ACL2023

Multitask Pretraining with Structured Knowledge for Text-to-SQL Generation

Robert Giaquinto, Dejiao Zhang, Benjamin Kleiner, Yang Li, Ming Tan, Parminder Bhatia, Ramesh Nallapati, Xiaofei Ma

6 citations

Abstract

Many machine learning-based low-code or nocode applications involve generating code that interacts with structured knowledge. For example, one of the most studied tasks in this area is generating SQL code from a natural language statement. Prior work shows that incorporating context information from the database schema, such as table and column names, is beneficial to model performance on this task.
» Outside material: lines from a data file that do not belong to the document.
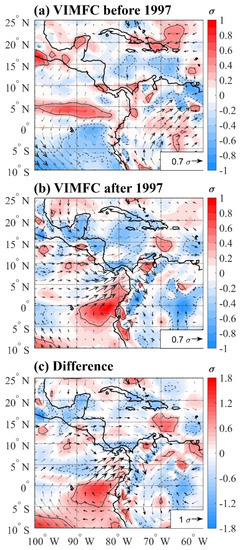 Standardized anomalies of VIMFC (vectors) and its convergence (shades) during SON events: (a) Before 1997, (b) after 1997, and (c) the difference (after minus before). In (a)–(c), vectors in bold indicate regions with significant changes and continuous (dashed) contours encompass positive (negative) values which are significant at the 95% confidence level. The arrow at the bottom of each panel illustrates the base magnitude of the VIMFC vector in σ.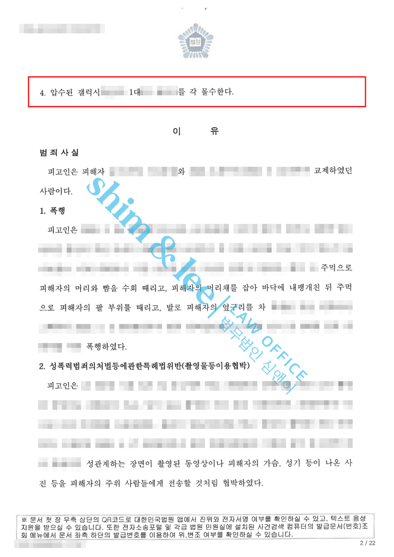 - 가해자는 꾸준하게 피해자에게 ‘내가 널 그대로 둘 것 같아?’라는 말을하며 보복을 암시해 왔는데, 압수된 휴대폰에는 피해자와 그 가족들의 개인정보와 집 주소 등이 저장되어 있어 실제로 보복을 할 가능성이 높다고 주장했습니다. 또한 실제로 가해자는 피해자의 가족들에게 보복할 우려가 높다는 점이 인정되어 구속까지 이루어졌기 때문에 압수물 가환부는 결코 허용되어서는 안된다고 강력히 요청했고 결국, 피고인의 압수물 가환부 신청에 대한 기각 결정을 이끌어냈습니다.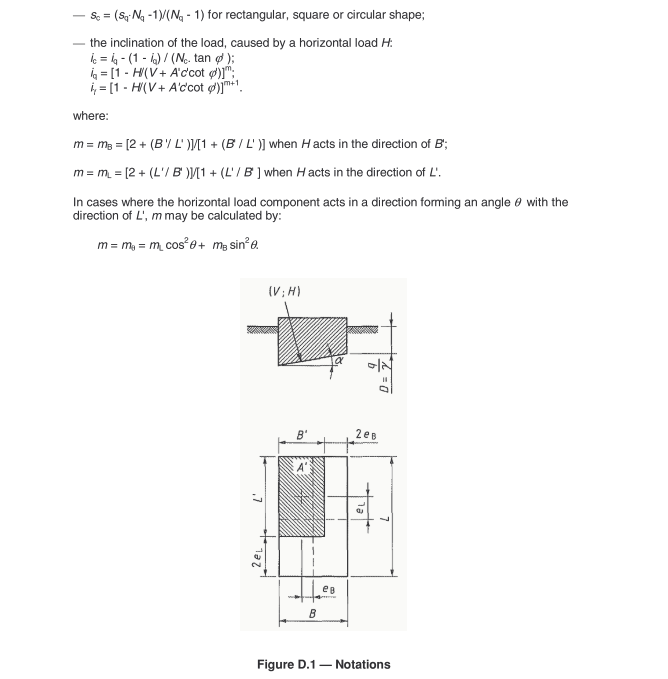 Eurocode 7 adopts the classical Terzaghi-Meyerhof form of the bearing capacity equation, extended with correction factors for shape, load inclination, and foundation depth.

In this work we present a large pretraining dataset and strategy for learning representations of text, tables, and SQL code that leverages the entire context of the problem. Specifically, we build on existing encoder-decoder architecture by introducing a multitask pretraining framework that complements the unique attributes of our diverse pretraining data. Our work represents the first study on large-scale pretraining of encoderdecoder models for interacting with structured knowledge, and offers a new state-of-the-art foundation model in text-to-SQL generation. We validate our approach with experiments on two SQL tasks, showing improvement over existing methods, including a 1.7 and 2.2 percentage point improvement over prior state-of-thearts on Spider and CoSQL.